Description
When creating or maintaining an NLU dataset, there are very frequently overlaps between types of entities. These overlaps cause confusion for entity extraction models. Naturally, many entity extractors use the context in some form of the utterance to label the entity words and types. Nevertheless, this is often an issue.
To solve this, one should get all the entities and their types and look for these duplicates to try to combine them as much as possible.

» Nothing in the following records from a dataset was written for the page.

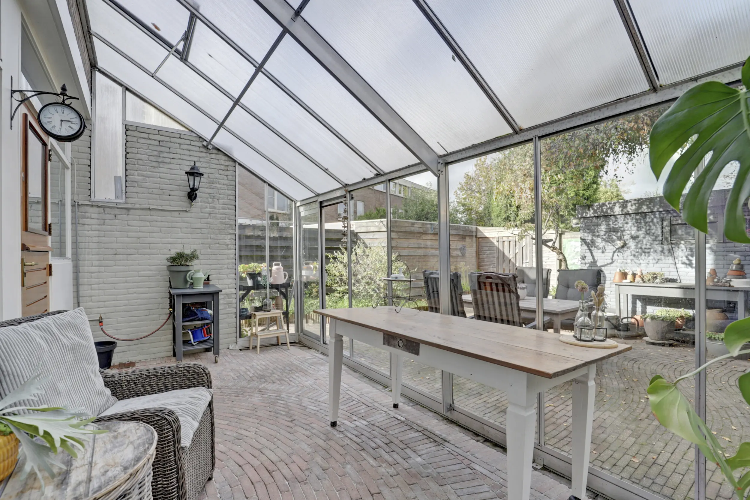De serre is een heerlijke plek om te ontspannen met uitzicht op het groen. Of het nu zomer of winter is, hier kunt u altijd genieten van een kop koffie, een goed boek of gezellig samenzijn met familie en vrienden. Vanuit de serre loopt u zo de tuin in.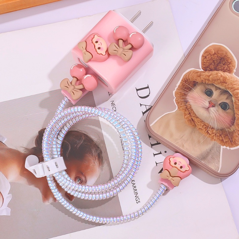 Detail IPHONE Casing Pelindung Charger Silikon Lembut/Kartun Gadis Ceri Anti Putus Kabel Data Spiral Winder/Penutup Pelindung Colokan Charger Untuk Charger Iphone5 /18 /20W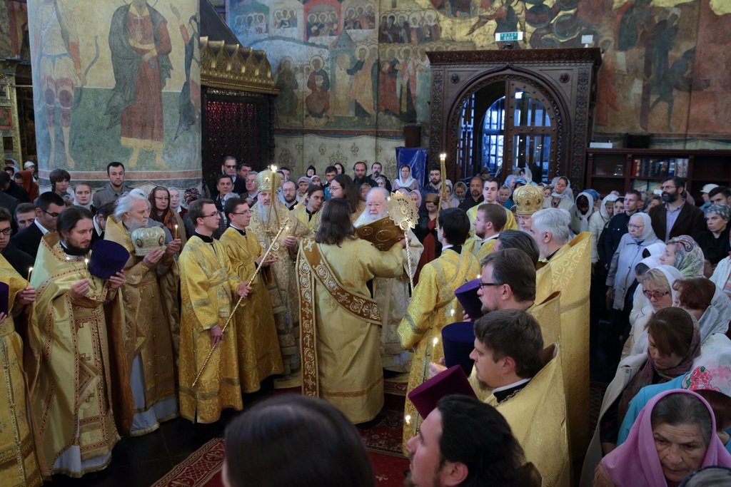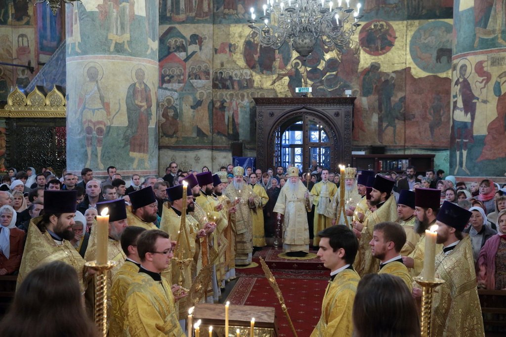 По благословению Святейшего Патриарха Кирилла мы сегодня, в день памяти святителя Киприана, совершили Божественную литургию в Успенском соборе Московского кремля. Радостно мне сегодня видеть всех вас. Особенно духовенство Московской епархии и прихожан из разных уголков нашего Подмосковья, которые вместе соединились в молитве к Господу.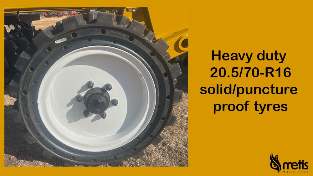 - Heavy duty solid/puncture proof tyres: 20.5/70-R16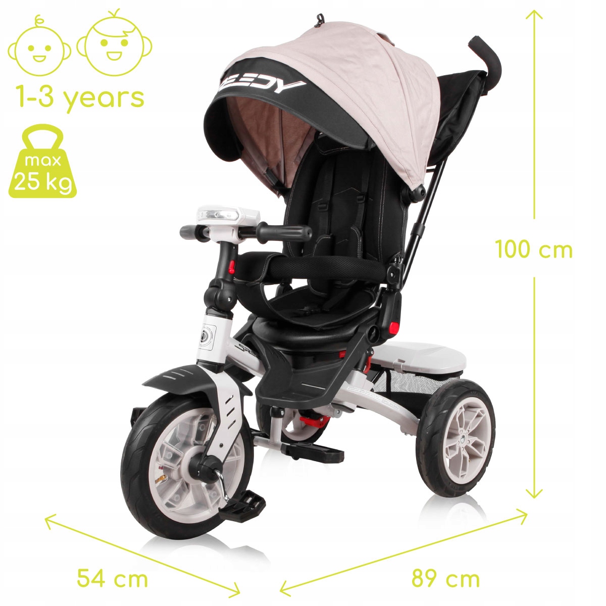 Lorelli Speepy Air -это универсальный трехлетний велосипед, который приспосабливается к потребностям вашего ребенка с 12 месяцев до 3 лет. Благодаря возможностям конфигурации он выступает в качестве коляски, и со временем становится независимым велосипедным , поддерживая моторную разработку малыша.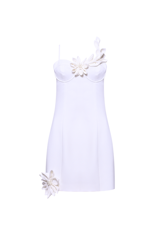 VESTIDO CURTO CREPE DHALIA OFF WHITE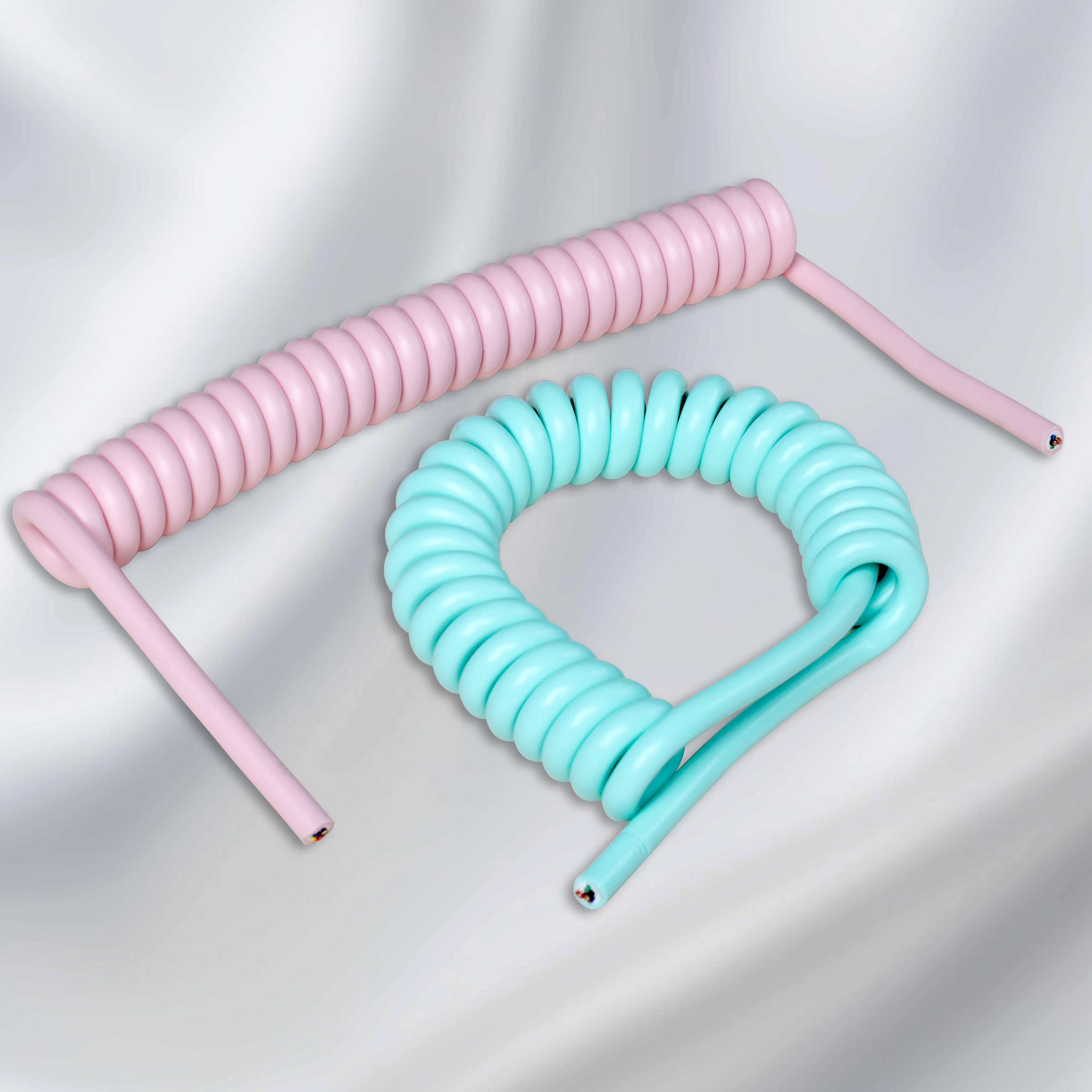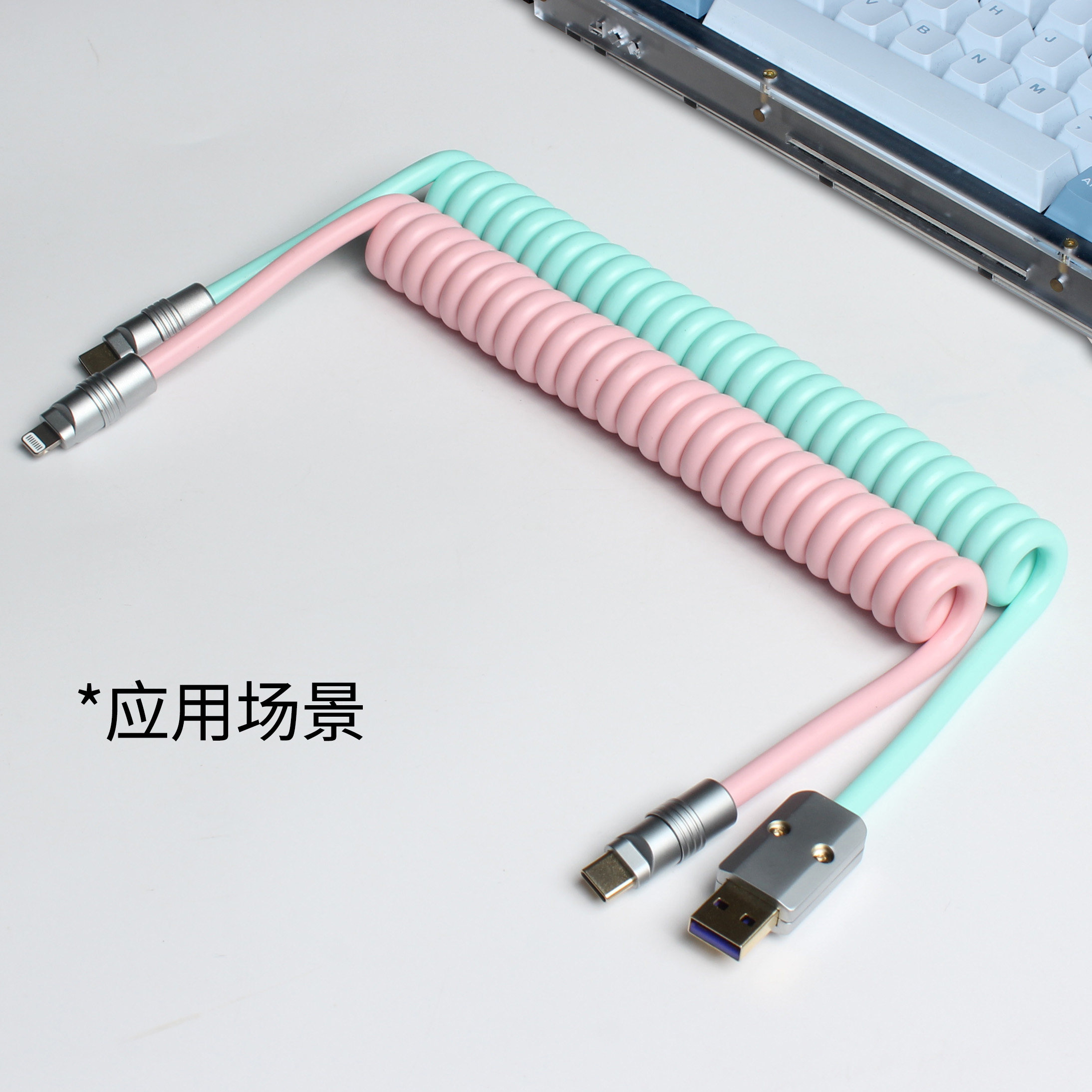 弹簧线手工键盘5芯usb大电流蓝粉色螺旋仿液态硅胶适用手机快充线
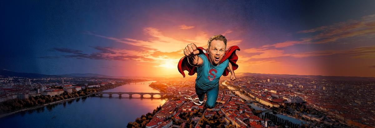 Er rast über die Bühne mit der Geschwindigkeit von Flash. Seine Pointen schlagen ein wie der Hammer von Thor. Mit dem Röntgenblick von Superman schaut er den Menschen in die Seele und weiß sofort, was sie wollen – und er gibt ihnen genau das! Mit seiner ultimativen Superkraft: SCHMITZMÄN bringt Menschen zum Lachen!
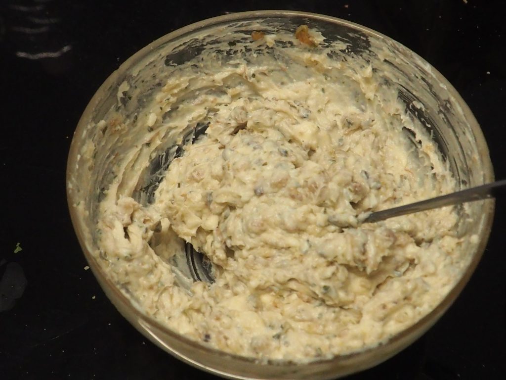 Em uma tigela, coloque os cogumelos, adicione o mascarpone, o queijo ralado, a pimenta e misture bem.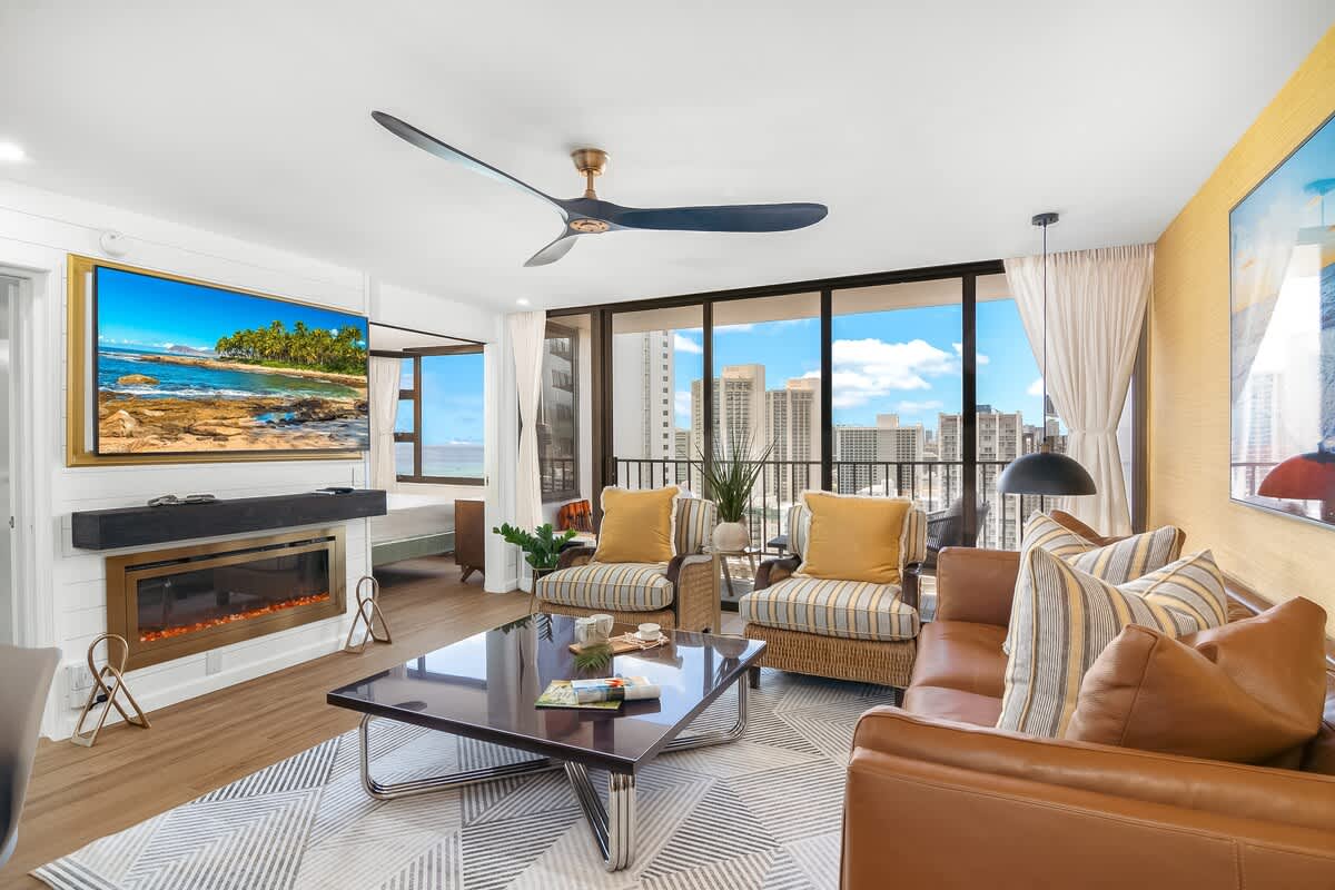 Indulge in the lap of luxury in this newly renovated premium 1BR condo, on the 30th floor of Waikiki Banyan, brought to you by Midway Vacations! Accommodates up to 2 guests, perfect for couples. It treats you to breathtaking ocean views that will leave you speechless. Just a stroll from the world-famous Waikiki Beach, surrounded by fantastic shopping and dining spots, every moment here is filled with excitement. Plus, a complimentary parking for an added convenience.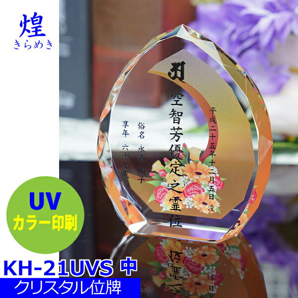 【クリスタル位牌】煌[きらめき] KH-21UVS (中) 戒名サンドブラスト彫刻背景UVカラー印刷・・・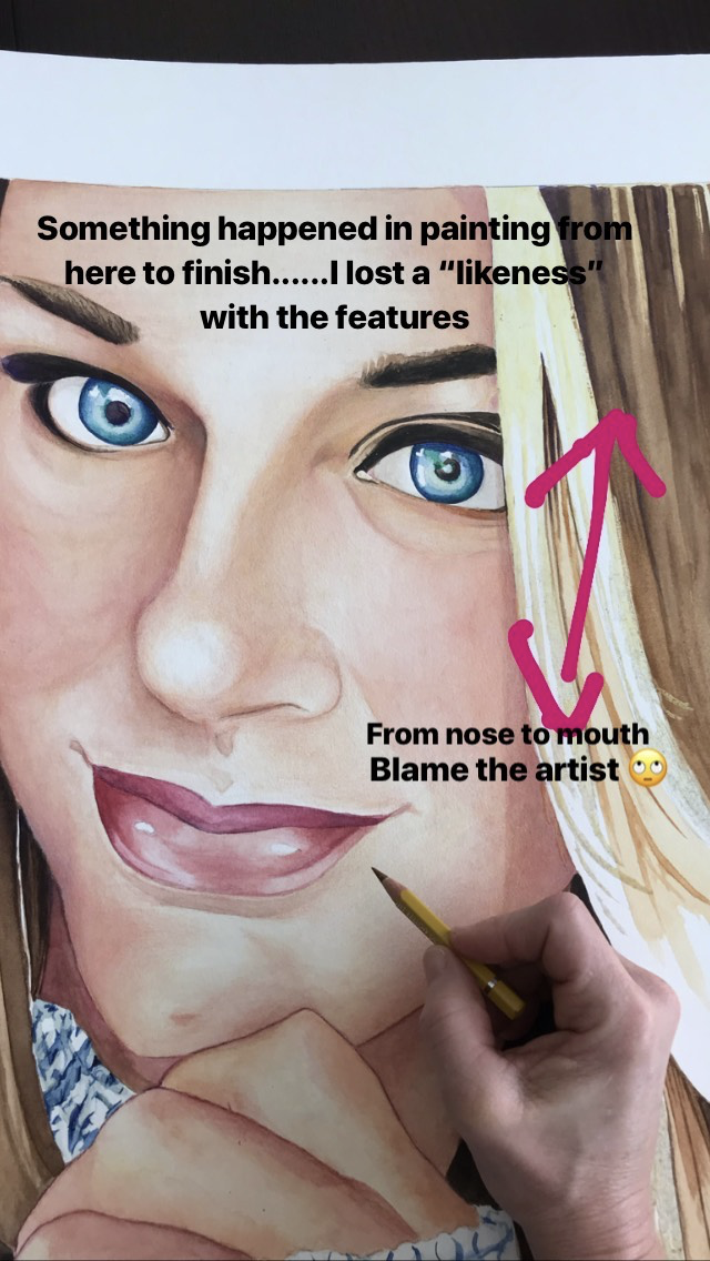 I messed up early…just an eighth of an inch. Too long from the right eye to the mouth. Ugh!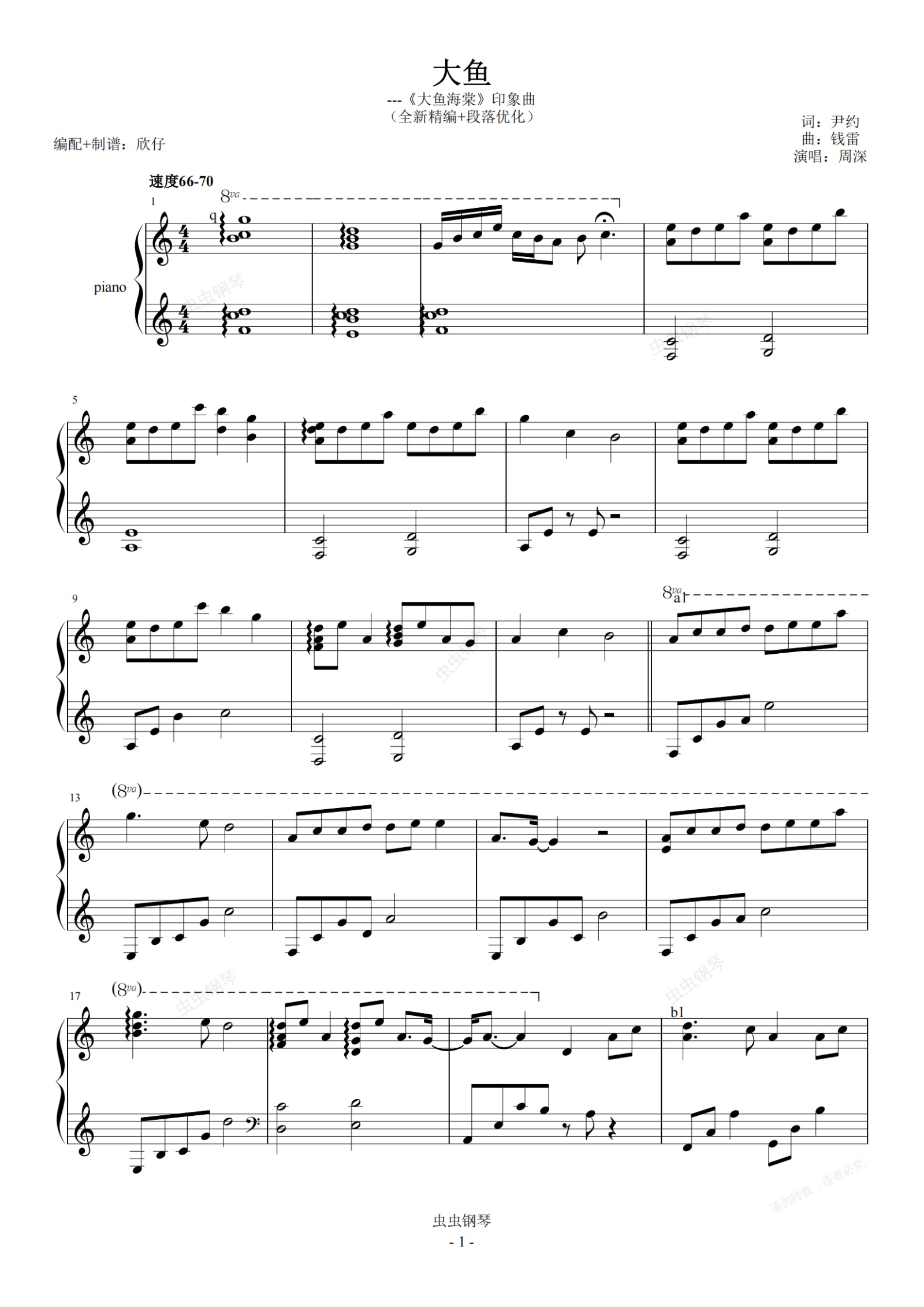 鋼琴譜:C調(性價比超高版)《大魚》(精編回憶版+段落優化)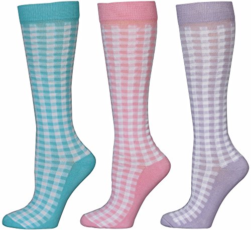 -. Title : Tuffrider Ladies' Gingham Check Socks - Aqua/pink/light Purple 3 Pack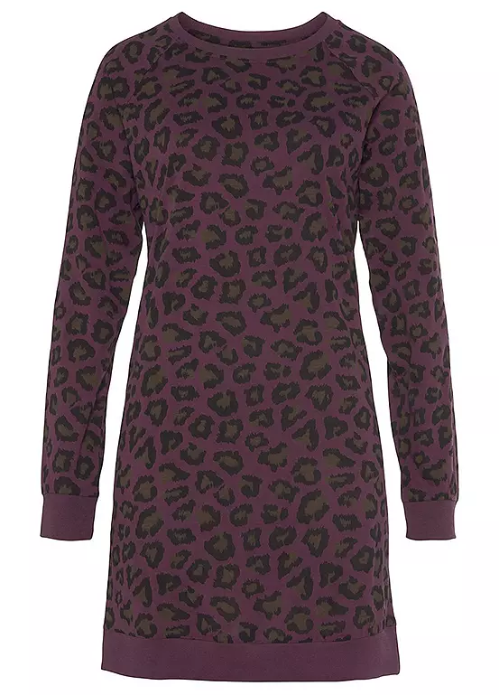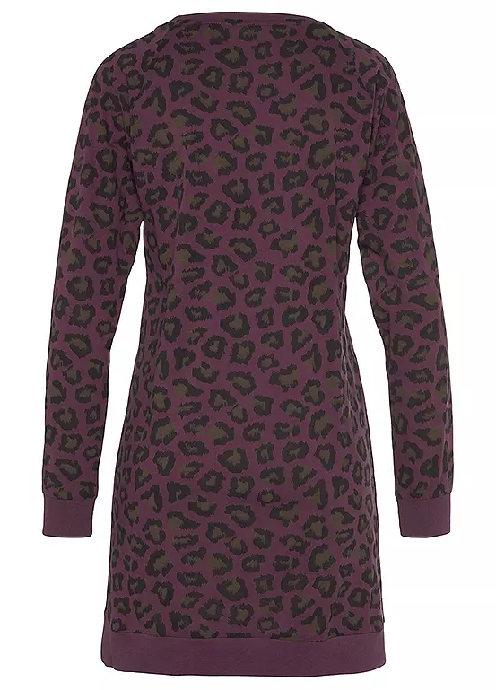 Long sleeve animal print nightie with raglan sleeves, a contrasting hem and elasticated ribbed cuffs. In soft single jersey made from cotton.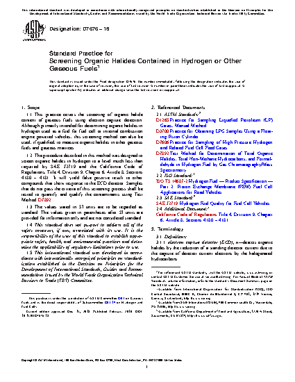 1.2 The procedure described in this method was designed to screen organic halides in hydrogen to a level much less than required by SAE J2719 and the California Code of Regulations, Title 4, Division 9, Chapter 6, Article 8, Sections 4180 – 4181. It will yield false positive result to other compounds that show response to the electron capture detector (ECD). Samples that do not pass the criteria of this screening process shall be tested to quantify and qualify the contaminants using Test Method D7892.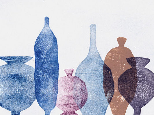 Vases 1 Blue Black Ornate Wood Framed Art Print with Double Matting by Folcarelli, Pernille

This issue relates to Flow for entity refinement #4 and is required to be solved for entity refinement.
User stories
As a user refining entity data, I want to:
- find the overlapping entity types so that I can review them,
- take the reviewed entries and refine them into my original data set.
Problems
Data types
One problem here is the data types. In the notebook for entity refinement the domain_df
(and other dfs!), use a column called entities
where the entities were extracted using EntityExtractor.extract_entities
. This creates entries into the column like so:
['{type': 'time', 'words': ['five', 'am']}, ..]
.
One shouldn't simply place lists of dictionaries into pandas data frame columns. But instead of trying to figure out a smart way to do this, I focused on getting it done because the resulting clean data set is considered a higher priority than collecting crappy technical debt.
Question
However, now we need to search through this to find duplicates. So, the issue here is: how to do this well considering the current data structure?
Partial or full matches
Would it be interesting to match both exact matches of the entity words, or would it be beneficial to also search for individual words for partial matches? We could even remove stop words to avoid some boring matches. Perhaps this might be suited for the next version.
Question
Should we focus on just full matches as an MVP, or do we need to also go for partial matches and remove stop words?
Solutions
There are just the solutions I will go with for now, perhaps this can be refactored in the future. As stated, ripping out the cleaned up data is more important than nice code! We got quick and dirty here.
Data types
I propose we make a quick and dirty version where we create a new data frame that contains:
index
: Just a normal unique index for every entry, like pandas usually does.
id
: From the original index from domains_df
, several entries can have the same id
. There will be, as there can be multiple entities and entity types in one utterance!
entity_type
: The word type from the original data frame's entities
column.
entity_words
: The words joined with space from the list inside the words
part of the original data frame's entities
column.
We use this data frame to pandas out what we want for the matches and return the matches, including with the original data frame's index, so we can bring them together for review and refinement.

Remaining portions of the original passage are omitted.